[RECORDED INFORMATION — start]

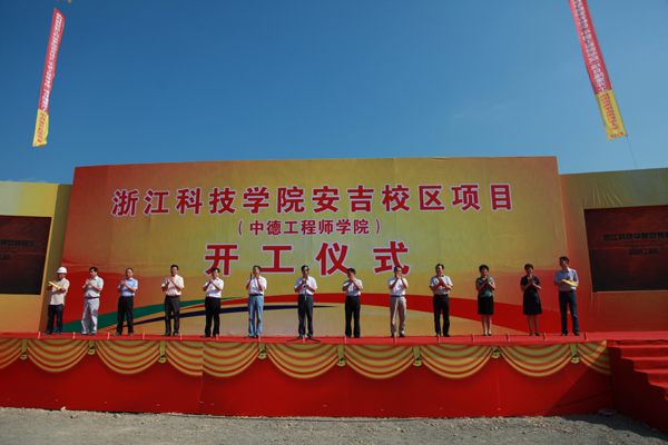 7月18日,安吉校区(中德工程师学院)项目开工仪式在安吉教科文新区举行。湖州市委书记马以,省教育厅副厅长鲍学军,湖州市委常委、秘书长高屹,校党委书记王建华、校长叶高翔等我校党政班子成员,安吉县委书记单锦炎,县委副书记、县长王树,县人大常委会主任梁为民,政协主席叶海珍,县委副书记陆为民等县四套班子领导出席开工仪式。我校相关职能部门负责人、教代会代表、学生代表、德国教授代表和留学生代表及安吉县教育局、皈山乡负责人,项目建设单位和监理单位负责人等参加开工仪式。
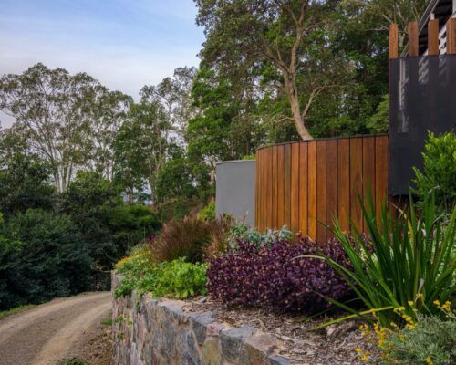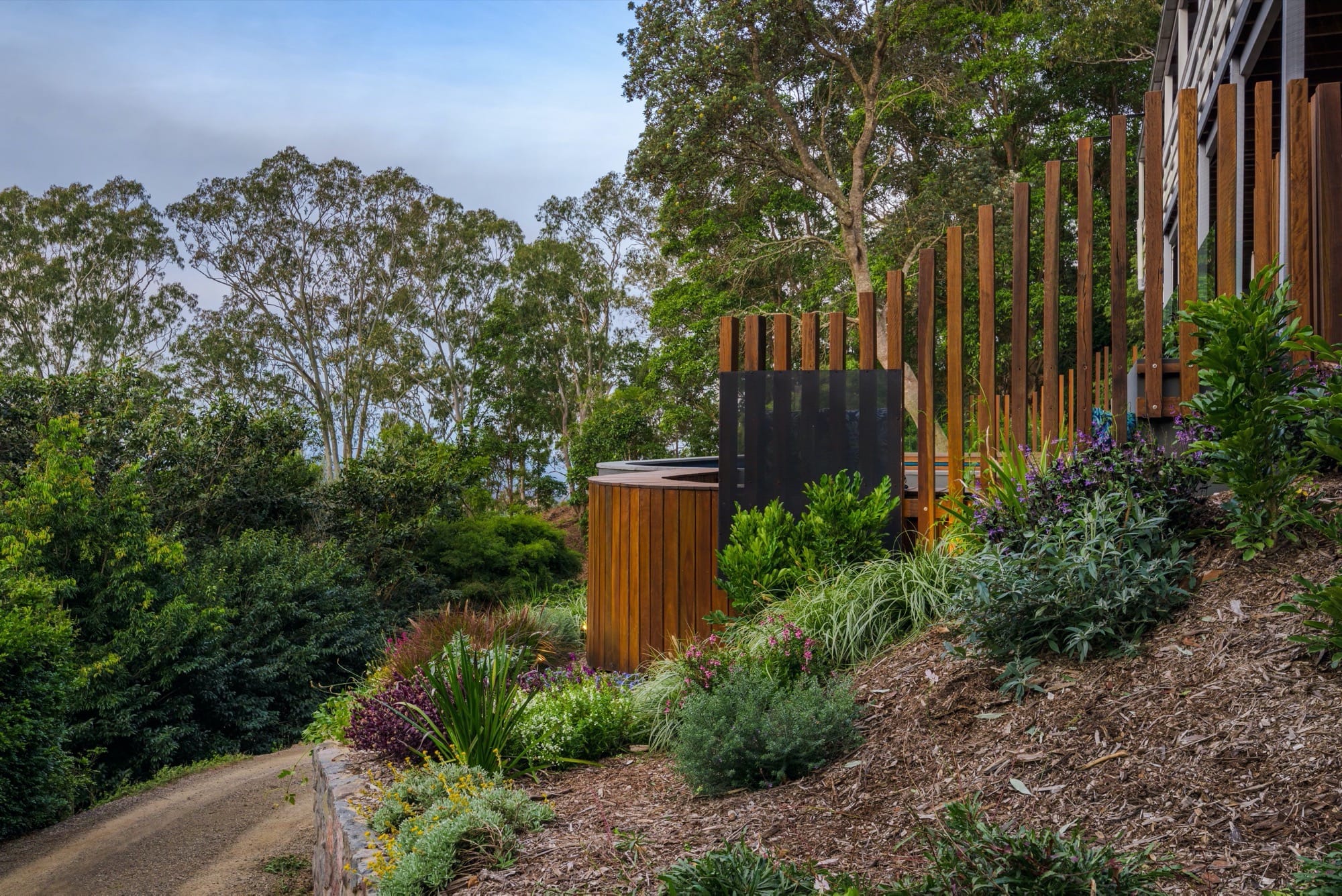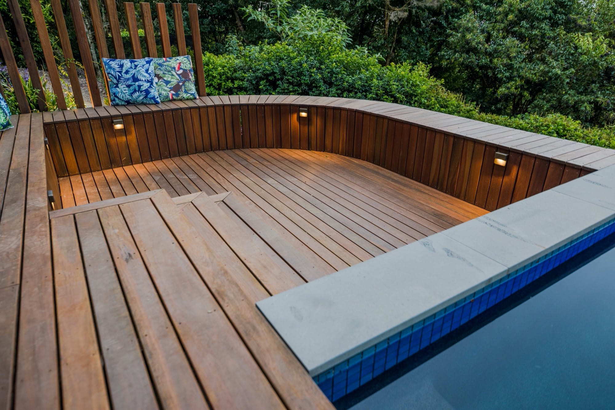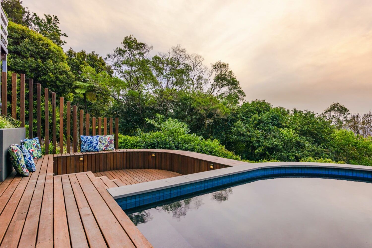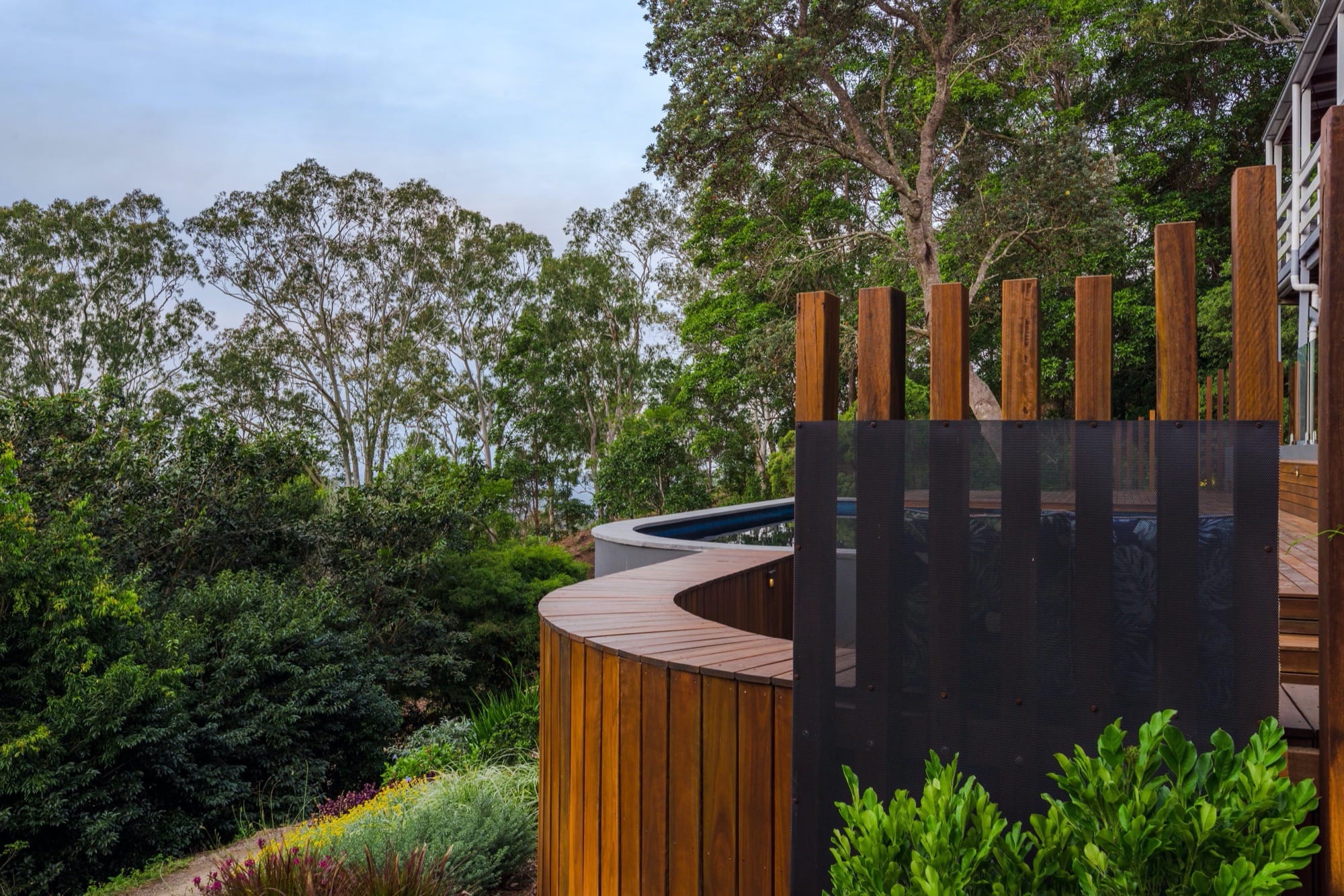 The scope of this project was for a pool, entertaining area with more usable space, improving the first view of the house, utilising the view of the bush surrounds and also the view of the coast ; with limited access and all within a slip zone this was a challenge. Not only the practical side of the engineering requirements for retaining walls, pool and deck in a slip zone- but the challenge of designing the project with a steeply sloping block and trying to blend all the structures into the surrounding environments. To not create a large flat boring deck surrounding the pool we broke the deck up into zones to create spaces for different requirements. The flat open deck to catch the sun for lounging around the pool, the long bench seat creates a space to watch the kids play in the pool, sitting in the afternoon shade while looking across the pool with views to the coast. The sunken lounge area is perfect for those cozy nights with friends , while the change of height works both with certification in regards to pool fence and balustrade requirements and gives the slightly hidden away feeling. The main design feature of the project was the curved pool and deck. A sharp corner of both pool and deck would have been an eyesore, the curve created softness and blended it into the surroundings while creating a unique feature to the project. The gardens needed to both blend with the bushland surrounds up to the pool area but also take in the colder hinterland feel with splashes of colour and that country feel.
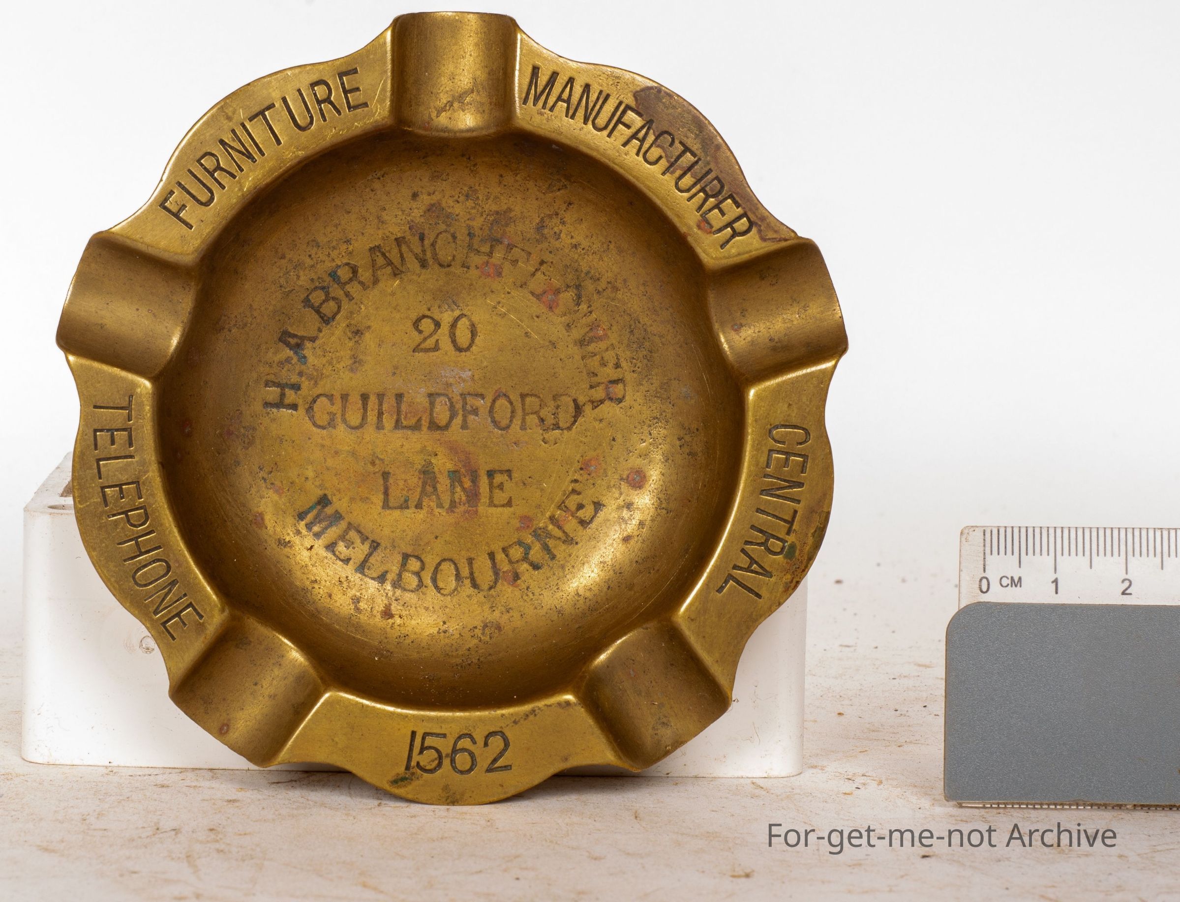 This is a beautiful, pressed brass ashtray advertising. Blanche of Branch Field, Felder, Guildford Lane, Melbourne. Furniture manufacturer, telephone central, 1562. Possibly very early, probably pretty scarceCollection
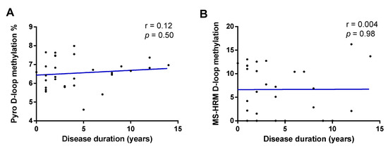 Correlation between disease duration (in years) and D-loop region methylation levels evaluated by means of pyrosequencing (A) and MS-HRM (B). The correlation was analyzed using Pearson’s correlation coefficient.
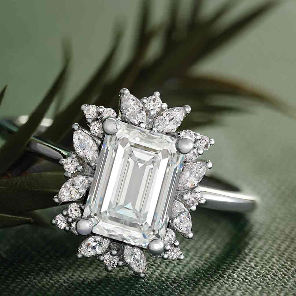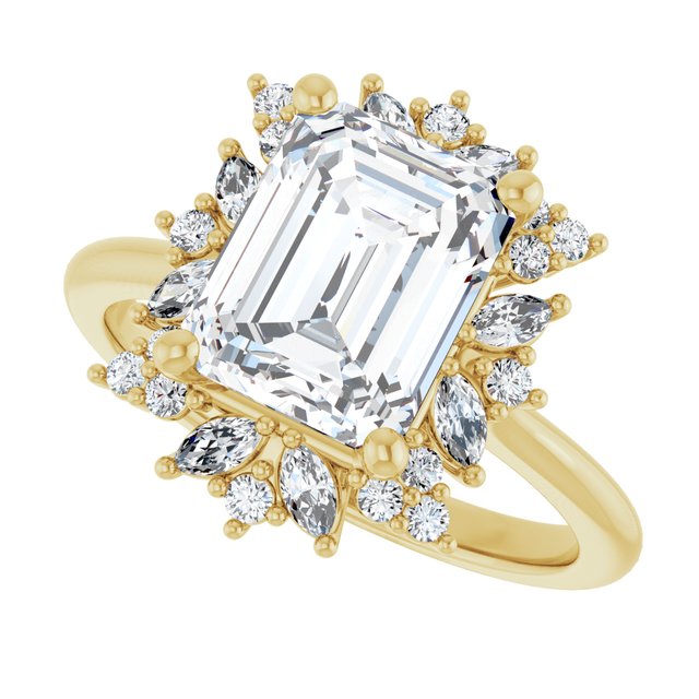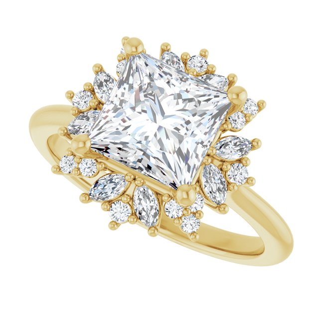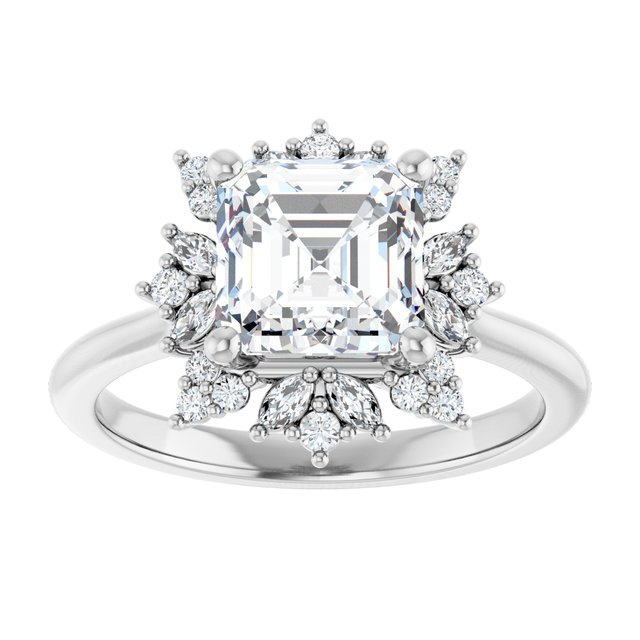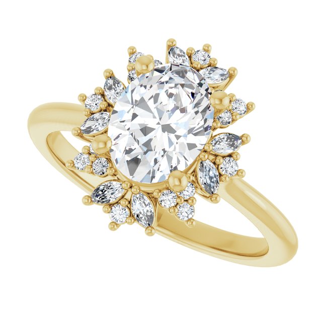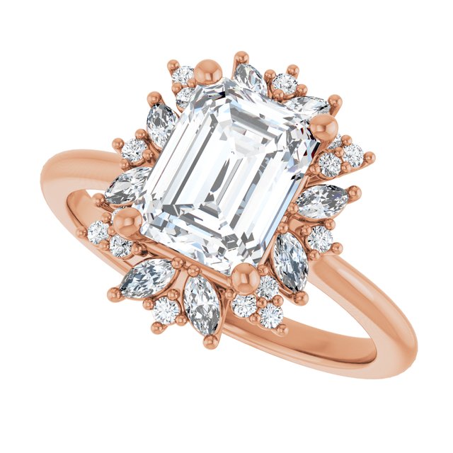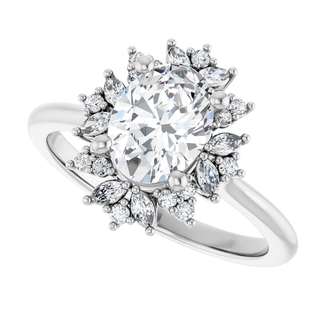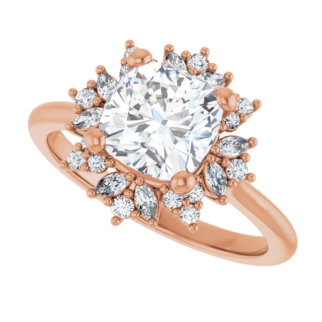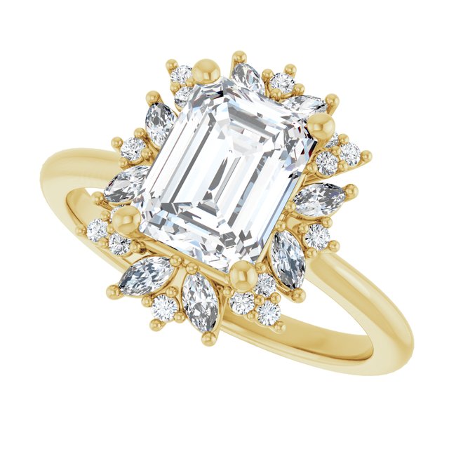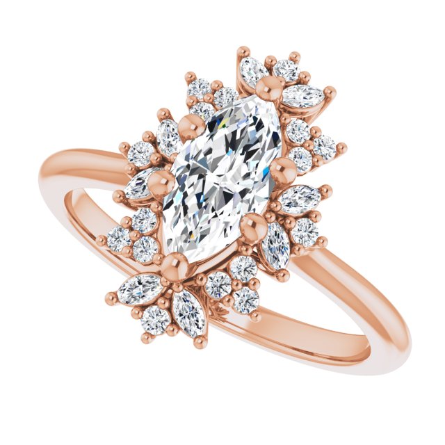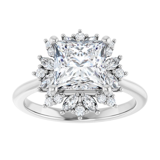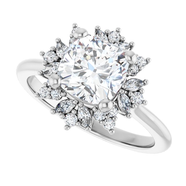 Select your Center stone to complete this setting. This setting features 3/8 CT round and marquise-cut diamonds that create a clustered halo.

[RECORDED INFORMATION — finish]

[DIRECTIONS FOR THIS TASK]
All of the records above should be reproduced exactly, with the pictures left out.

[THE COMPLETED TASK]
 7月18日,安吉校区(中德工程师学院)项目开工仪式在安吉教科文新区举行。湖州市委书记马以,省教育厅副厅长鲍学军,湖州市委常委、秘书长高屹,校党委书记王建华、校长叶高翔等我校党政班子成员,安吉县委书记单锦炎,县委副书记、县长王树,县人大常委会主任梁为民,政协主席叶海珍,县委副书记陆为民等县四套班子领导出席开工仪式。我校相关职能部门负责人、教代会代表、学生代表、德国教授代表和留学生代表及安吉县教育局、皈山乡负责人,项目建设单位和监理单位负责人等参加开工仪式。
 The scope of this project was for a pool, entertaining area with more usable space, improving the first view of the house, utilising the view of the bush surrounds and also the view of the coast ; with limited access and all within a slip zone this was a challenge. Not only the practical side of the engineering requirements for retaining walls, pool and deck in a slip zone- but the challenge of designing the project with a steeply sloping block and trying to blend all the structures into the surrounding environments. To not create a large flat boring deck surrounding the pool we broke the deck up into zones to create spaces for different requirements. The flat open deck to catch the sun for lounging around the pool, the long bench seat creates a space to watch the kids play in the pool, sitting in the afternoon shade while looking across the pool with views to the coast. The sunken lounge area is perfect for those cozy nights with friends , while the change of height works both with certification in regards to pool fence and balustrade requirements and gives the slightly hidden away feeling. The main design feature of the project was the curved pool and deck. A sharp corner of both pool and deck would have been an eyesore, the curve created softness and blended it into the surroundings while creating a unique feature to the project. The gardens needed to both blend with the bushland surrounds up to the pool area but also take in the colder hinterland feel with splashes of colour and that country feel.
 This is a beautiful, pressed brass ashtray advertising. Blanche of Branch Field, Felder, Guildford Lane, Melbourne. Furniture manufacturer, telephone central, 1562. Possibly very early, probably pretty scarceCollection
 Correlation between disease duration (in years) and D-loop region methylation levels evaluated by means of pyrosequencing (A) and MS-HRM (B). The correlation was analyzed using Pearson’s correlation coefficient.
 Select your Center stone to complete this setting. This setting features 3/8 CT round and marquise-cut diamonds that create a clustered halo.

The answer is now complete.